In this challenge, we were presented with a binary, that checks for a username and password. If you run this binary, you are going to notice a long load time. We opened the file using the lovely Radare2 and noticed two calls to sleep, right in main. We replaced the calls to sleep with 5 bytes of 0x90 (No Operation). That got rid of the unbearable wait time.

The section of Main where the username and password are checked

Then we got to the meat of the problem. Here, after accepting the user input and password, the program calls 4 functions, and if all pass the 5th function will create and output the flag.

Note that a pointer to the input username is loaded as an argument to these functions in rdi, and the last three also have a pointer to the password in rsi.
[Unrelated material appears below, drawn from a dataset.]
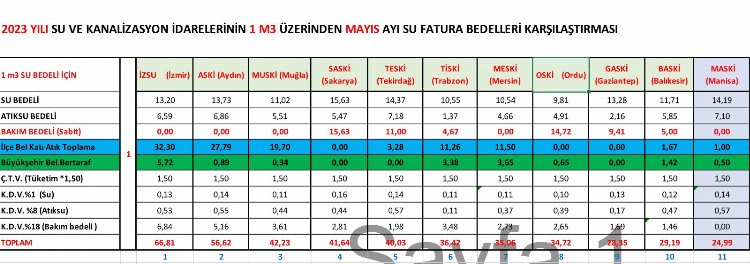 Söz konusu haberlerde 30 Büyükşehir Belediyesi arasında en yüksek su fiyatı olan ikinci kurum olarak MASKİ’nin gösterildiği anımsatılarak, “Yapılan haberde eksik veriler kullanılarak sadece su ve atıksu bedelleri dikkate alınmıştır. Ancak su faturalarına bu iki bedel ile birlikte bakım bedelleri ve diğer ücret kalemleri de yansıtılmaktadır. Bu bedeller hesaba katılarak yapılan 1 metreküplük suyun maliyetine göre 30 Büyükşehir içerisinde Manisa, 11. sırada yer almaktadır. Yapılan değerlendirme en yüksek ücret tarifesinin olduğu 1. Gruba göre yapılmıştır. Diğer gruplar baz alındığında ise Manisa, çok daha alt sıralardadır” denildi.

When we follow the execution through fcn.00400c9a, we find that it loops through counting the characters in the username, and passed the total count to function sub.puts_c41.Checking the Character Range

This function verifies the number of characters in the following steps:

  1. Make sure num == ((num >> 2) << 2)
  2. Make sure ((num>>4) << 2) != (num >> 2)
  3. Make sure (num >> 3) != 0
  4. Make sure (num >> 4) == 0

This means that the number of characters in our username can be binary 001100 or binary 001000. This is 12 or 8 characters.

Checking the username

Once we pass that test, we move on to sub.puts_cdd. This function was fun to follow. Here above is some annotated assembly.

This gave us a simple system of 3 equations, with 3 unknowns. Rather than work this out ourselves, we used the following code in Z3.
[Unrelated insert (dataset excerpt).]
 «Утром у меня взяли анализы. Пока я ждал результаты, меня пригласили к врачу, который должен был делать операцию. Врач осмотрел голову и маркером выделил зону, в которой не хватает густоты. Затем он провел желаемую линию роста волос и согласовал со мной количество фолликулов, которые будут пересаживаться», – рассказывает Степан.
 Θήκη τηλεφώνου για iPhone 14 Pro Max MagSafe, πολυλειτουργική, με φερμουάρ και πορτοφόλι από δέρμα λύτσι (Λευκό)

(declare-const h10 (_ BitVec 64))
(declare-const h18 (_ BitVec 64))
(declare-const h20 (_ BitVec 64))

(assert (= (bvadd (bvsub h10 h18) h20) #x000000005c664b56))
(assert (= (bvadd (bvmul (bvadd h10 h20) #x0000000000000003) h18) #x00000002e700c7b2))
(assert (= (bvmul h18 h20) #x32ac30689a6ad314))

(check-sat)
(get-model)

It provided 3 hex numbers out, which we plopped into a python shell and turned into ASCII characters. After we remembered Little Endianness, we found the username.
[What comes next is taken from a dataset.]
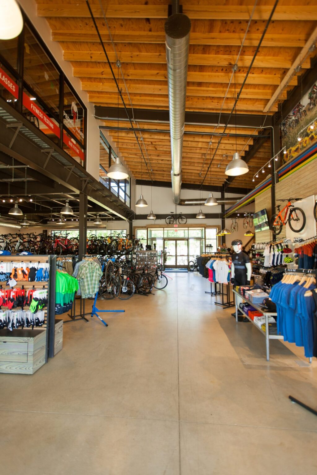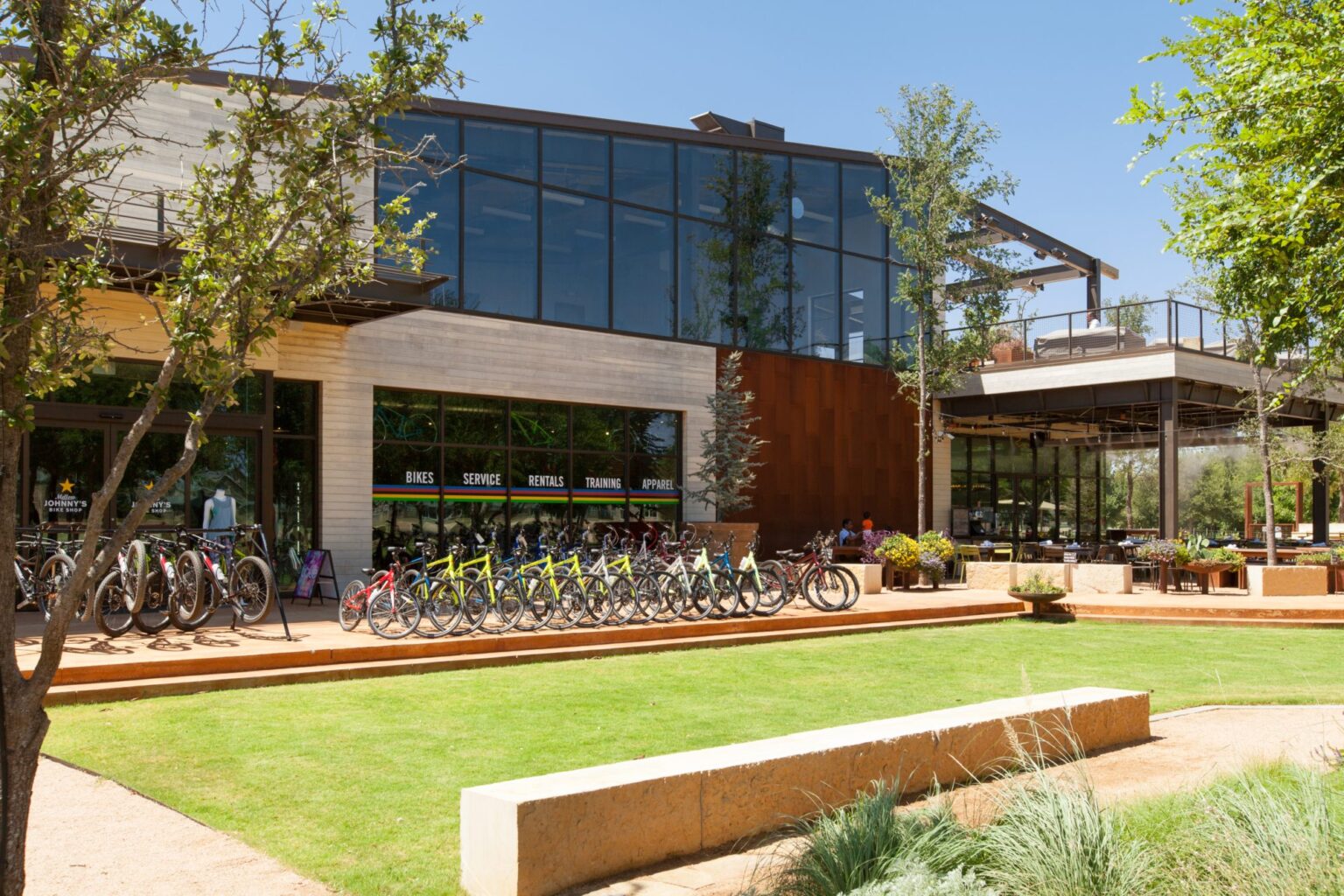 The program for the 13,700-square-foot building includes a bike shop, yoga studio, coffee shop, and beer garden. These functions are arranged on two levels in a building with an informal spirit and contemporary form that seamlessly merges interior and exterior spaces.

The next function, sub.puts_8f7, passed fine with the username we found in the previous function. After a quick scan, we didn’t see any side effects in the code, so we moved on to the next function.

One of the nodes
A node for checking the password’s character range

sub.puts_977 is the function that evaluates the password, and there are two main parts. First is the logic tree that evaluates each character, making sure that it is in the correct range. It turns out to be a waste of time to care about this section, but I will give a brief overview.
In the node above rbp – 0x14 holds the index into the string, and this node checks if a character is less than or equal to 0x2f. When you simplify the logic for all the nodes, it ends up being a simple check for characters from A-Za-z0-9.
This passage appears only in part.